### [Prompt]
This task asks for the lines from the one with "Women’s short-sleeved fitted" to the final line below, repeated exactly, with pictures omitted.

[Source data]
--*--

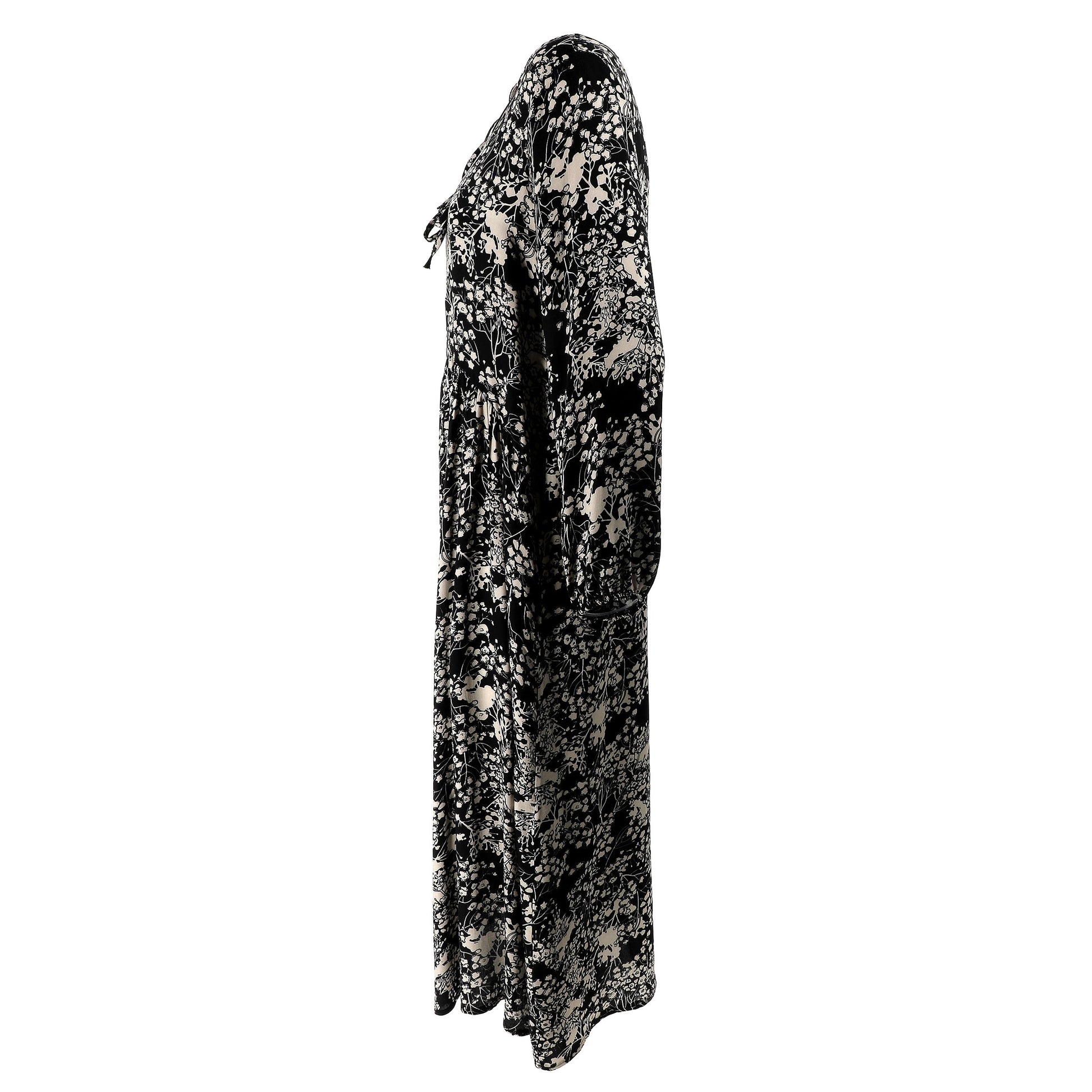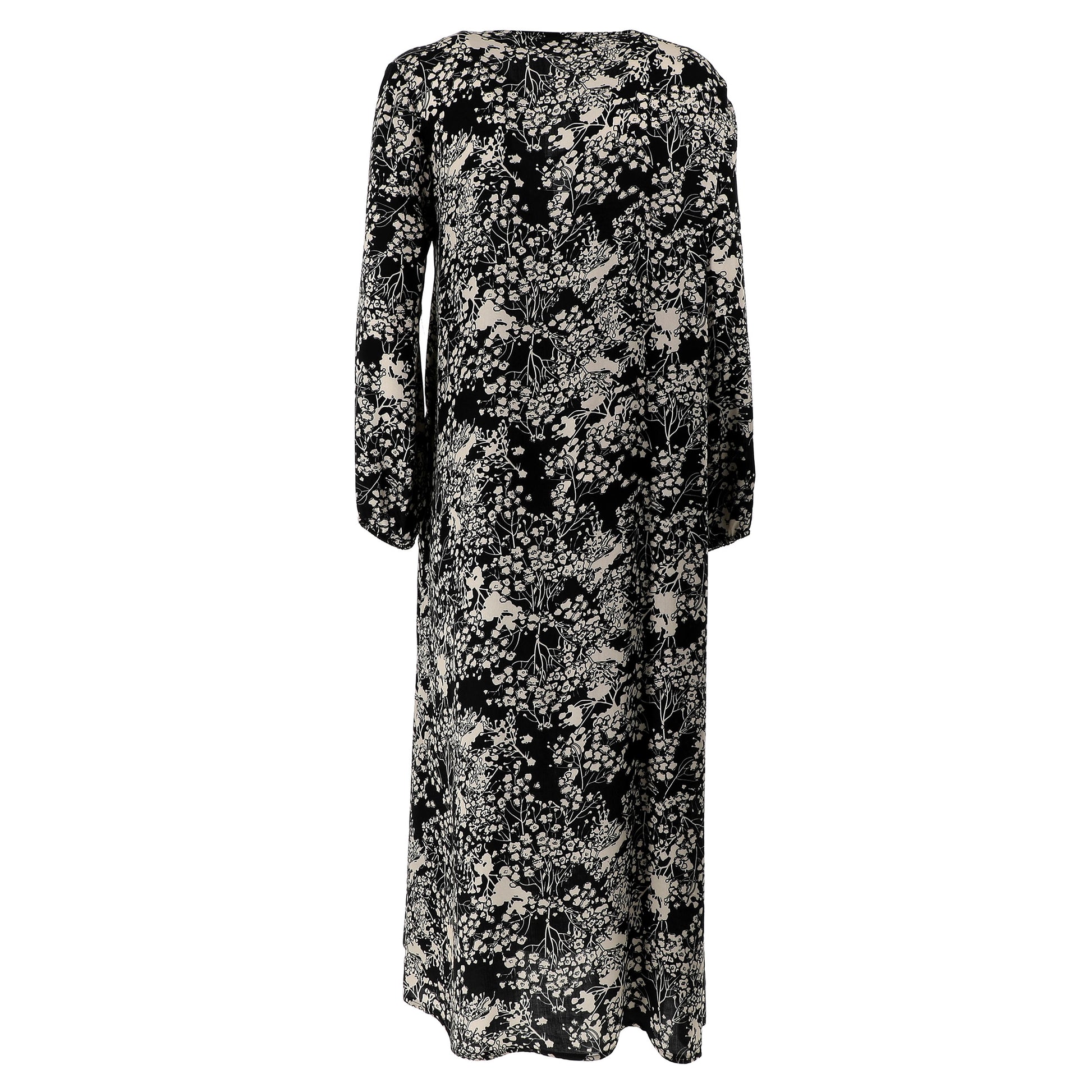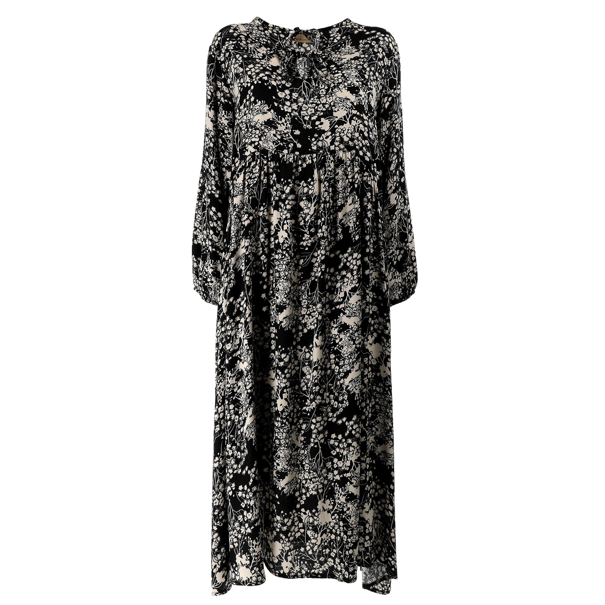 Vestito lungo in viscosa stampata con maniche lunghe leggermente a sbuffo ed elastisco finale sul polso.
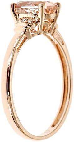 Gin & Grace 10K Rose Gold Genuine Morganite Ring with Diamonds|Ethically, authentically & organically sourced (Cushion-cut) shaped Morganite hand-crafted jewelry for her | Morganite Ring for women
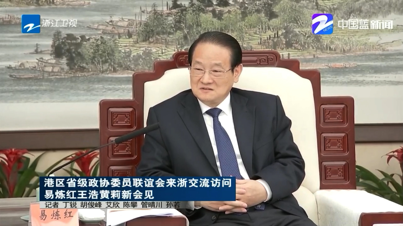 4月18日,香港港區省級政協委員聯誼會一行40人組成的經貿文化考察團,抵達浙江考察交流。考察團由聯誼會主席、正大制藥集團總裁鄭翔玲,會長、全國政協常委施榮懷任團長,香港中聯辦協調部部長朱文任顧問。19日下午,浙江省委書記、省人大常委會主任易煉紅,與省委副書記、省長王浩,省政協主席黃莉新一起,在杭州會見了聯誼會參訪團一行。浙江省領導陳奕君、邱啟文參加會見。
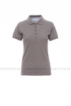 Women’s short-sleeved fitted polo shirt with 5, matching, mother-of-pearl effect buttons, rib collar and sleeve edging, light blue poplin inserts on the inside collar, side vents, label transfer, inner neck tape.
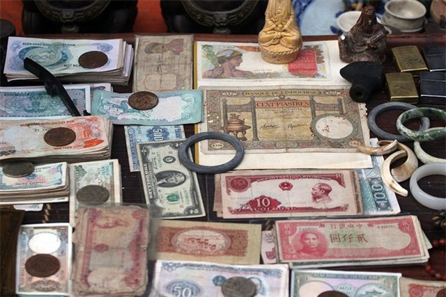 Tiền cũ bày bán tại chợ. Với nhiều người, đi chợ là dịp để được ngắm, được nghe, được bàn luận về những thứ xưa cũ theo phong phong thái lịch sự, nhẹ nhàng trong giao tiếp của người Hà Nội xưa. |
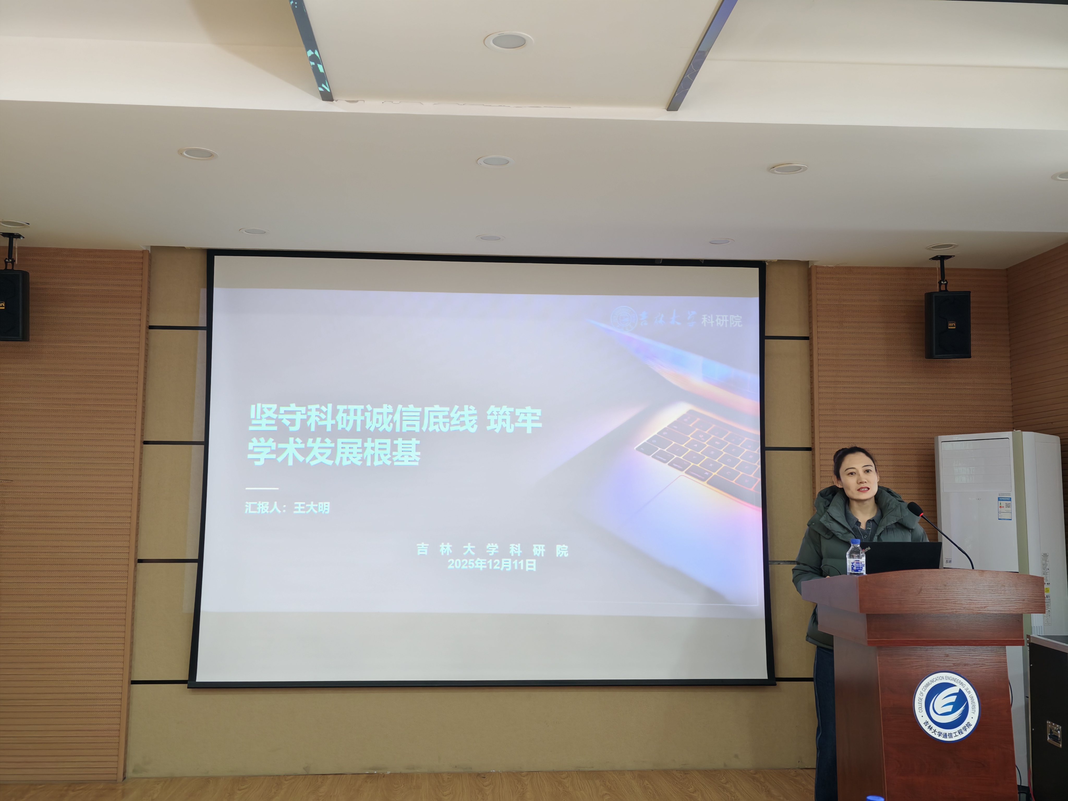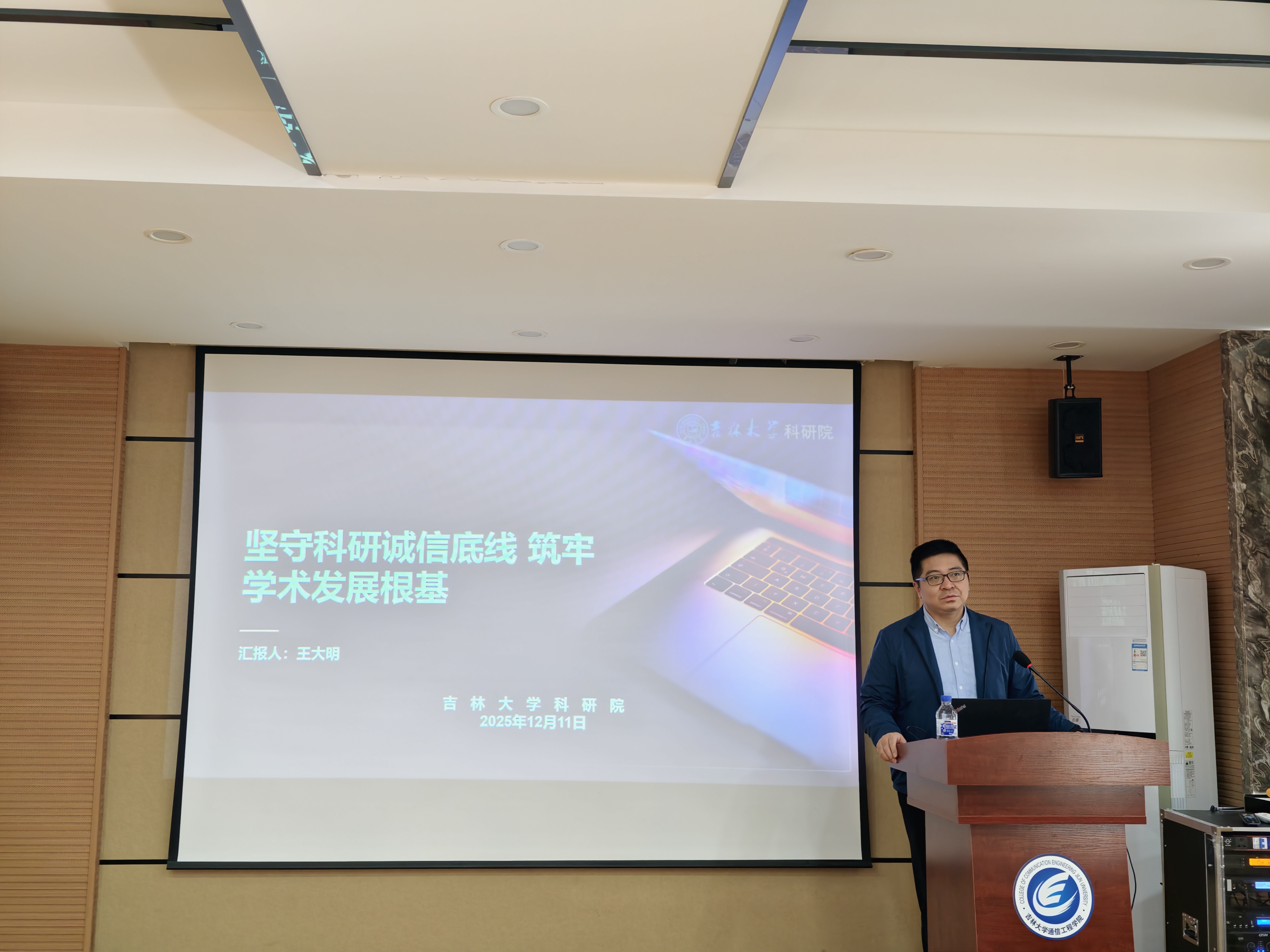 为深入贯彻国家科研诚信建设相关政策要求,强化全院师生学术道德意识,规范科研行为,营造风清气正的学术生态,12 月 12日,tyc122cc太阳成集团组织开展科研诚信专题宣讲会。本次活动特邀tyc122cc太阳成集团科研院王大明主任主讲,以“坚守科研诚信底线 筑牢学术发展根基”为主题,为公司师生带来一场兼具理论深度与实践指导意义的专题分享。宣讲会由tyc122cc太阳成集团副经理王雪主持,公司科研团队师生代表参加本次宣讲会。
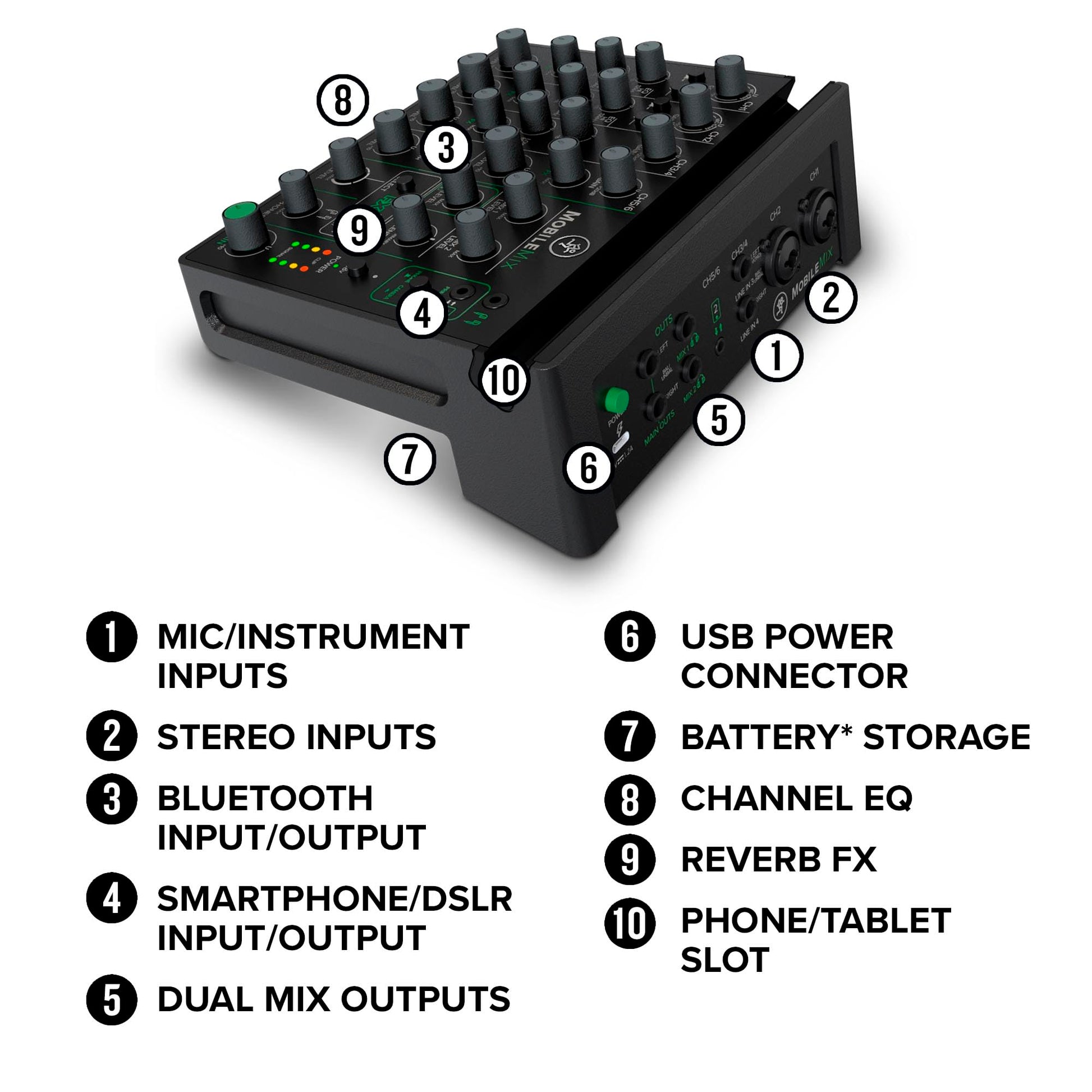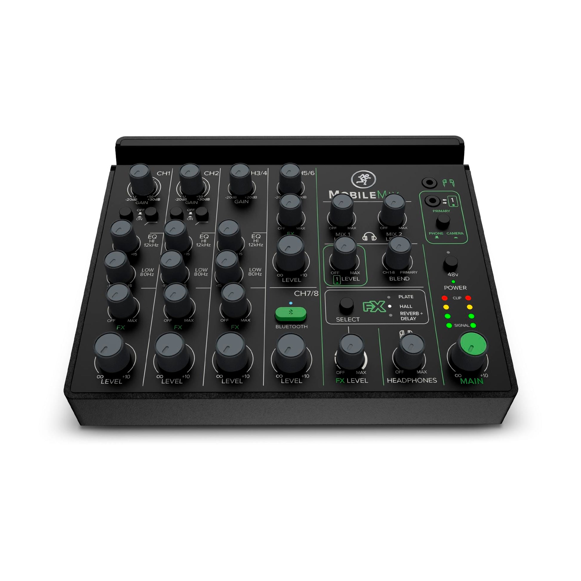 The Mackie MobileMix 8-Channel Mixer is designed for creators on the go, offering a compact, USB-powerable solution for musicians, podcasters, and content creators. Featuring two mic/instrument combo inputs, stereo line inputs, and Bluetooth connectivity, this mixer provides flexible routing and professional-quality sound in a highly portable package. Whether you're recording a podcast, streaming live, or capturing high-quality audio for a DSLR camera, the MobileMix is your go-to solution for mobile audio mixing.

--*--

### [Task answer]
 Women’s short-sleeved fitted polo shirt with 5, matching, mother-of-pearl effect buttons, rib collar and sleeve edging, light blue poplin inserts on the inside collar, side vents, label transfer, inner neck tape.
 Tiền cũ bày bán tại chợ. Với nhiều người, đi chợ là dịp để được ngắm, được nghe, được bàn luận về những thứ xưa cũ theo phong phong thái lịch sự, nhẹ nhàng trong giao tiếp của người Hà Nội xưa. |
 为深入贯彻国家科研诚信建设相关政策要求,强化全院师生学术道德意识,规范科研行为,营造风清气正的学术生态,12 月 12日,tyc122cc太阳成集团组织开展科研诚信专题宣讲会。本次活动特邀tyc122cc太阳成集团科研院王大明主任主讲,以“坚守科研诚信底线 筑牢学术发展根基”为主题,为公司师生带来一场兼具理论深度与实践指导意义的专题分享。宣讲会由tyc122cc太阳成集团副经理王雪主持,公司科研团队师生代表参加本次宣讲会。
 The Mackie MobileMix 8-Channel Mixer is designed for creators on the go, offering a compact, USB-powerable solution for musicians, podcasters, and content creators. Featuring two mic/instrument combo inputs, stereo line inputs, and Bluetooth connectivity, this mixer provides flexible routing and professional-quality sound in a highly portable package. Whether you're recording a podcast, streaming live, or capturing high-quality audio for a DSLR camera, the MobileMix is your go-to solution for mobile audio mixing.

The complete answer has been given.